Ship without rebuilding context every session.
FAQs
Walrus Memory is a portable memory layer for AI agents. It runs on Walrus, the Verifiable Data Platform, and gives agents persistent, shared, and verifiable memory across sessions, apps, and runtimes.
AI agents often lose memory because most agent experiences are session-based. When the chat, app, or runtime ends, the context window disappears with it. The next session starts from scratch unless the developer has built a persistent memory layer.
That's the source of AI agent memory loss: memory is tied to the session, not the agent. Walrus Memory makes the memory portable instead, so your agent picks up where it left off in a different app, in a different runtime, weeks later.
AI agents store memory by saving context they can retrieve and use later. Most teams build this themselves with vector databases, storage systems, application state, and custom access controls. It works, but often creates fragmented infrastructure with limited portability and few guarantees around ownership, access, or memory integrity.
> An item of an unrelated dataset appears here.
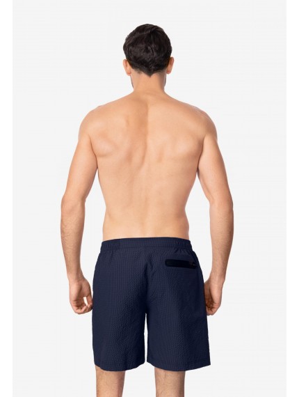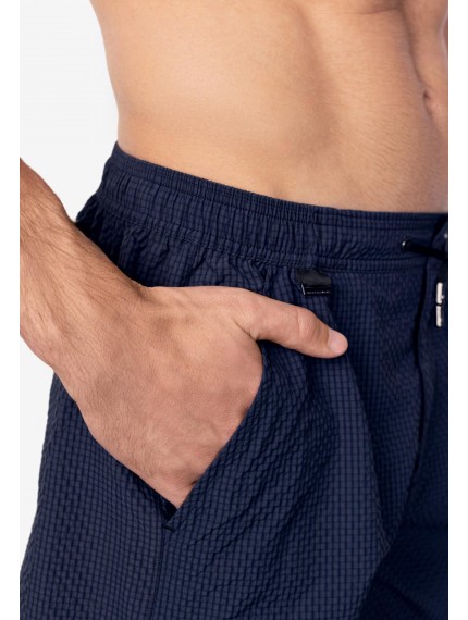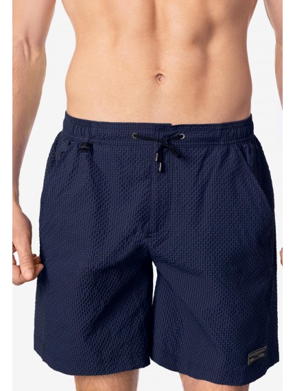 Мужские шорты свободного кроя. Выполнены из фактурной быстросохнущей ткани. Длина до середины бедра, на задней детали карман на молнии. Боковые карманы, потайной карман на молнии внутри правого кармана. Пояс на резинке и шнуровке, ширинка застегивается на молнию. Внутри вставка из мягкой сетки.

Walrus Memory keeps memories encrypted before they are stored, while ownership and delegate permissions determine who can access them. Access controls are enforced and independently verifiable, giving developers explicit control over how memory is accessed and shared without building custom infrastructure from scratch.
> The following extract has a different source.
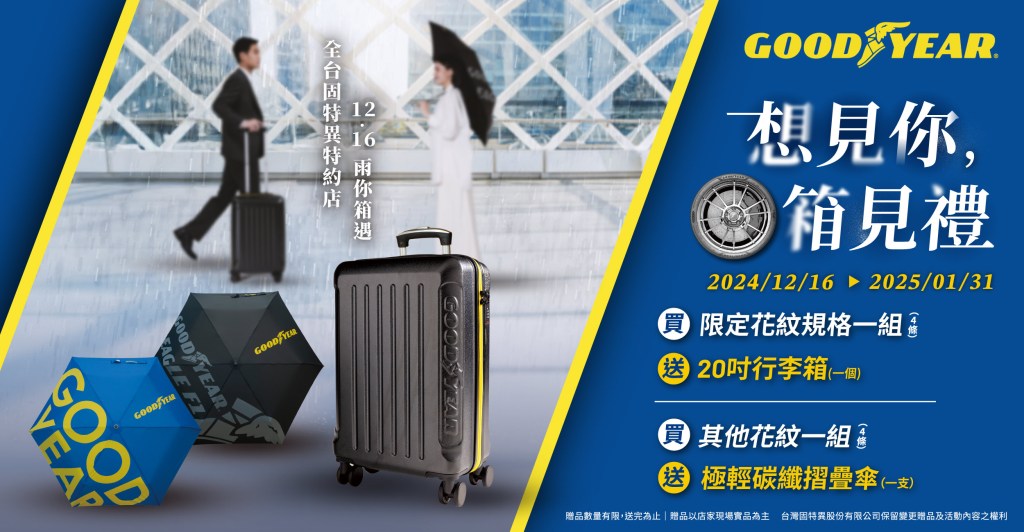 即將進入 2024 年尾聲,準備好迎接全新的 2025 年了嗎?不論是和心愛的人來一場年末旅行,或是和家人安排一起過年出遊,固特異推出「想見你,箱見禮」冬季購胎優惠活動,讓車主能換上全新性能卓越的輪胎,享受安心的駕乘體驗,迎接美好的旅行時光。即日起至 2025 年 1 月 31 日,凡購買 1 組(4 條)Eagle F1 Asymmetric 6、Assurance ComfortTred、ElectricDrive 全系列,或 Assurance MaxGuard、Assurance MaxGuard SUV 16 吋以上(含),即送 20 吋固特異時尚酷黑行李箱一個。此外,凡購買 1 組(4 條)非上述限定系列之其他花紋輪胎,即可獲贈固特異時尚極輕碳纖摺疊傘一支,數量有限,送完為止。

Portable AI memory means decoupling memory from the app the agent runs in, so the same context can be read and written from anywhere. Walrus Memory does this by storing every memory on Walrus — the Verifiable Data Platform — with programmable permissions that travel with it. Your agent authenticates with a signed request from the SDK and pulls the same memory whether it's running in a chat app, a workflow, or a different framework entirely. No migrations, no adapters, no lock-in.
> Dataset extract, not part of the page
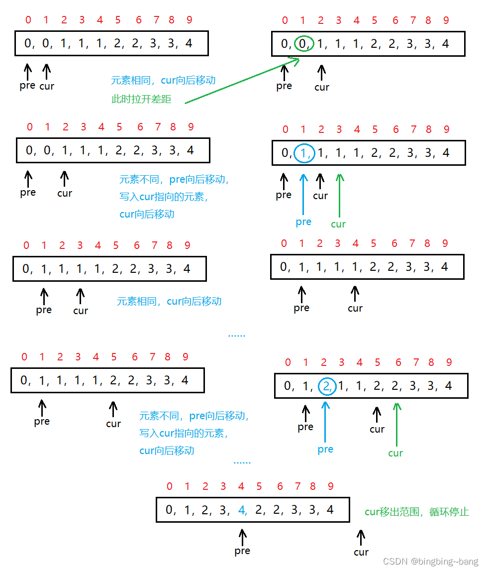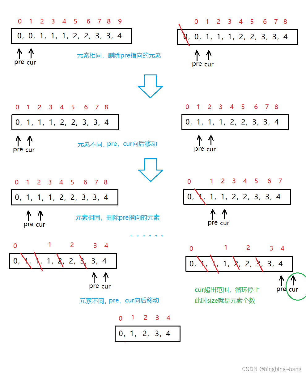 具体做法为使用两个下标进行控制元素,当遇到相同元素时,pre不动,cur向后移动,此时就会拉开一定的差距。当遇到的元素不同时,pre先向后移动,然后将cur指向的元素写入到pre指向的地方,然后cur再向后移动。当cur移出数组范围时,循环停止,此时pre指向的元素以及之前的元素均为不同的元素,返回长度即可。

You can give your AI agent persistent memory by installing the Walrus Memory SDK in Python or TypeScript and wire two calls into your agent: one to remember, one to recall. The SDK handles authentication, encryption, embeddings, and storage on Walrus, so you don't manage vector indexes or infrastructure yourself.
With native MCP support and first-party plugins for OpenClaw and NemoClaw, your agent gets persistent memory across sessions, apps, and runtimes — without rebuilding context every time.
Redis, Postgres, and vector databases are storage primitives. Developers can use them to build agent memory, but they still need to handle things like embeddings, access control, encryption, ownership, and portability themselves.
Walrus Memory is a memory layer built specifically for AI agents. Memories are encrypted, semantically indexed, stored on Walrus, and managed through ownership and delegate permissions. Developers get persistent, portable memory with programmable access controls built in.
You do. Every memory is tied to a signing key you control — only requests signed by that key can read or write it. Permissions are programmable, so you decide which agents access which memories and on what terms. Nothing is shared by default, and no middle layer can read your memories.
Memory is stored on Walrus — the Verifiable Data Platform. Every memory is encrypted before storage and decrypted only when a signed request from an authorized SDK retrieves it. Integrity is independently verifiable, so you can prove a memory hasn't been tampered with.
Create a Walrus Memory account, generate your delegate key, install the SDK, and you’re off to the races. During the launch period, builders can get started with Walrus Memory for free. Usage limits apply, and pricing may evolve over time.
Walrus Memory is a portable memory layer that helps AI agents carry context across apps and sessions without losing continuity.